From the first line of the data down to the line bearing "找一面垂直的墙面;头后部、肩", output every line exactly and include no pictures.

→ COLLECTED DATA
= = = = = = =

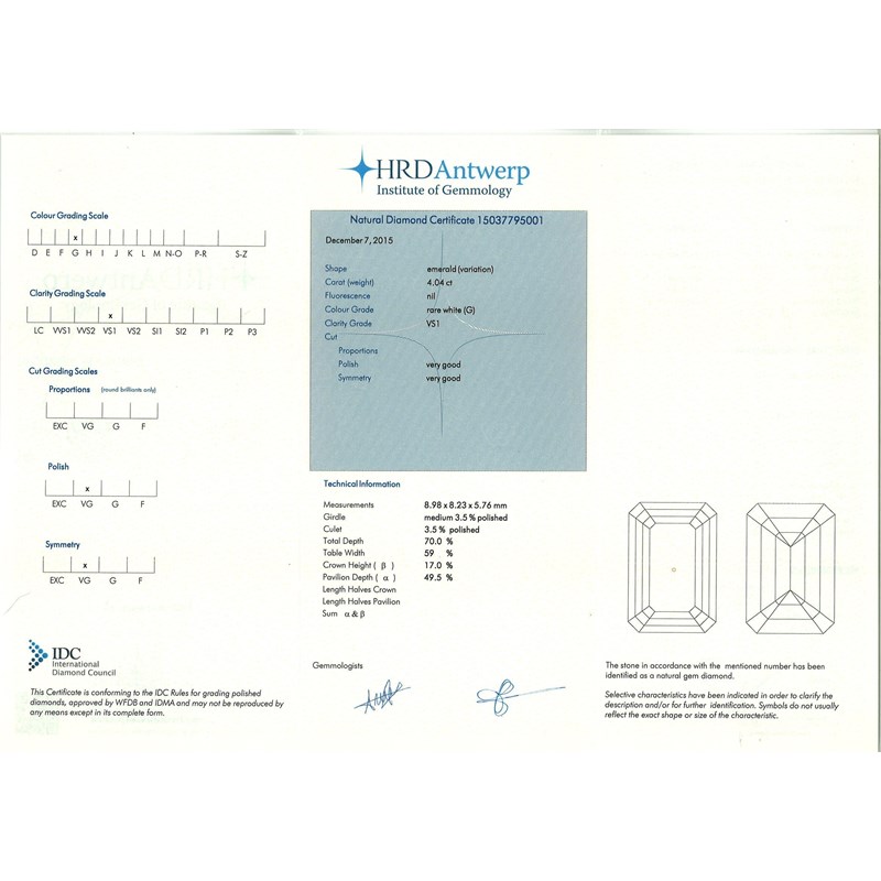 Accompanied by report number 15037795001 dated 7 December 2015 from HRD, Antwerp stating that the emerald variation-cut diamond weighs 4.04cts and is a natural diamond with G colour and VS1 clarity. Fluorescence: nil.
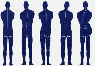 找一面垂直的墙面;头后部、肩部、臀部、脚后跟,这四点紧紧贴合在这面墙;立拳,放到腰部和墙面之间,如果刚才四点任然紧贴在这面墙上,说明你的腰椎曲度没有问题(手要握紧,立拳,不能平放进去)。如果不能放进去,说明你的腰椎曲度变形了。
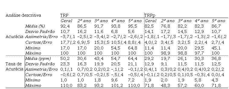 A Taxa de Acurácia apresentou significante efeito de escolaridade para o TRP [F(3, 594) = 63,2, MSE = 391,4, p < 0,001] e para o TRPp [F(4, 594) = 47,3, MSE = 129,2, p < 0,001]. Os Intervalos de Confiança de 95% da Taxa de Acurácia não se sobrepuseram, tanto para o TRP (2º ano: 27,3–33,8; 3º ano: 39,6–47,3; 4º ano: 51,2–58,3; 5º ano: 60,9–67,9), quanto para o TRPp (2º ano: 17,9–21,5; 3º ano: 23,8– 28,2; 4º ano: 28,4–32,3; 5º ano: 34,8–38,9).
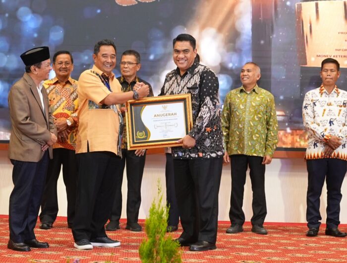 Dalam sambutannya, Pj Gubernur Sulsel Bahtiar Baharuddin memberikan apresiasi kepada seluruh pelayan publik dan pemerintah daerah yang telah berhasil meraih penghargaan Keterbukaan Informasi Publik.

= = = = = = =

→ SOLUTION TO THIS PROBLEM
 Accompanied by report number 15037795001 dated 7 December 2015 from HRD, Antwerp stating that the emerald variation-cut diamond weighs 4.04cts and is a natural diamond with G colour and VS1 clarity. Fluorescence: nil.
 找一面垂直的墙面;头后部、肩部、臀部、脚后跟,这四点紧紧贴合在这面墙;立拳,放到腰部和墙面之间,如果刚才四点任然紧贴在这面墙上,说明你的腰椎曲度没有问题(手要握紧,立拳,不能平放进去)。如果不能放进去,说明你的腰椎曲度变形了。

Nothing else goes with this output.